Kielce, Poland, 4 September 1998 (RFE/RL) -- Poland is about to embark on a wide-ranging program to restructure its arms industry. The plan, which is to be announced next month, will involve selling off at least 35 of some 40 state-owned defense plants to strategic investors, primarily western arms producers. It will also involve lay offs of some 14,000 workers out of the total workforce of 70,000.

Polish Prime Minister Jerzy Buzek has said the program is to be completed by 2012.

Opening two days ago (Sept. 2) the International Arms Fair in the city of Kielce, central Poland, Buzek said the Polish arms industry pins its future on cooperating with western companies.

More than 200 producing companies from 23 countries took part in the Fair, considered the biggest in Central Europe.

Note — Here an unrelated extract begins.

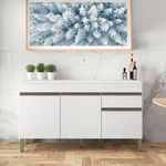 Balcão Gabinete De Cozinha 3 Portas 1 Gaveta Com Tampo 1,50m Line Kit's Paraná Madeirado BrancoO Balcão Line é uma solução de armazenamento elegante e funcional, projetada para otimizar a organização da cozinha. Com três portas e prateleiras internas, oferece um espaço amplo e personalizável para armazenar itens de forma eficiente. A gaveta com corrediça telescópica 100% é um destaque, permitindo uma abertura ampla e um deslizamento suave, facilitando o acesso aos itens armazenados. Além disso, os pés reguláveis garantem estabilidade e ajuste perfeito ao piso. Com aplicação de textura sensível ao toque e acabamento de pintura com secagem em luzes UV, o Balcão Line apresenta um acabamento de alta qualidade e durabilidade, tornando-se uma peça fundamental para uma cozinha moderna e sofisticada.MEDIDAS:[ A ] = 86 cm[ L ] = 150 cm[ P ] = 53,3 cmALTURA DOS PÉS: 17 cmPESO: 47,60 kgPESO SUPORTADO: 55 kgPRATELEIRAS SUPORTAM ATÉ: 10 kgGAVETA SUPORTA ATÉ: 10 kgTAMPO SUPORTA ATÉ: 15 kgMODELO: Balcão de Cozinha 3 Portas 1 Gaveta com Tampo 1,50m LineMARCA: Kit's ParanáACABAMENTO: Acabamento em pintura com secagem em luzes UVMATERIAL DA ESTRUTURA: MDPESPESSURA DO MATERIAL: 15mmPORTAS: 3TIPO DE PORTA: BaterDOBRADIÇAS: MetálicasPRATELEIRAS: 1GAVETAS: 1CORREDIÇAS: TelescópicasPOSSUI TAMPO: SimMATERIAL DO TAMPO: MDPMATERIAL DOS PUXADORES: AlumínioQUANTIDADE DE PUXADORES: 4PÉS: 5TIPO DE PÉS: ReguláveisMATERIAL DOS PÉS: PlásticoDIFERENCIAL: Corrediças telescópicas e pés reguláveis.ITENS INCLUSOS: 1 Balcão de Cozinha, 1 Manual de Montagem, 1 Kit ParafusosGARANTIA: 3 MesesA Esplanada Móveis se responsabiliza pela entrega dos produtos adquiridos até a porta de entrada ou portaria do endereço indicado, se a portaria do condomínio permitir, as entregas são efetuadas no piso térreo e é de responsabilidade do cliente a locomoção da mercadoria até seu apartamento ou casa.Confira as dimensões do produto e certifique-se de que estão adequadas aos elevadores, portas e corredores do local da entrega. Não fazemos a montagem, desmontagem do produto e/ou portas e janelas, transporte pela escada ou içamento pelo lado de fora do prédio. Não está incluso no serviço de entrega o deslocamento até o interior do apartamento, com ou sem elevador, ou deslocamento em locais de difícil acesso como escadarias.Caso o cliente necessite de entrega dentro das dificuldades mencionadas, deverá entrar em contato para análise e cotação do valor do serviço.

Poland is to gain a full NATO membership next year. Its immediate goals include choosing equipment and weapon systems compatible with those of the Alliance countries.

This is an expensive proposition. Last year Poland announced it would put off purchase of a modern fighter airplane for at least five years.

Deputy Defense Minister Romuald Szeremietiew has recently said Poland is interested in leasing fighter planes from the West, most probably from the United States. This would help Polish pilots to familiarize themselves with aircrafts used by NATO forces.

"We don't know what kind of plane it will be," a Polish Defense Ministry official said, asking not to disclose his name. But it is believed that it may be Boeing's F-18 Hornet or Lockheed Martin's F-16. Offers presented by the two companies include co-production and service agreements with Polish partners.

Tim Moreland Jr. From Boeing Company told RFE/RL in Kielce that "If an F/A-18 is purchased, we expect it to be produced in Poland," Moreland said.

Dariusz Klimek, Polish deputy minister of economy, said fast implementation of the restructuring plan is vital for Poland. "The arms plants have been working at a loss since 1990," he said. "We have to change that. Foreign capital and privatization are needed to salvage the arms industry."

According to Klimek, all Polish plants sold arms for $1 billion last year.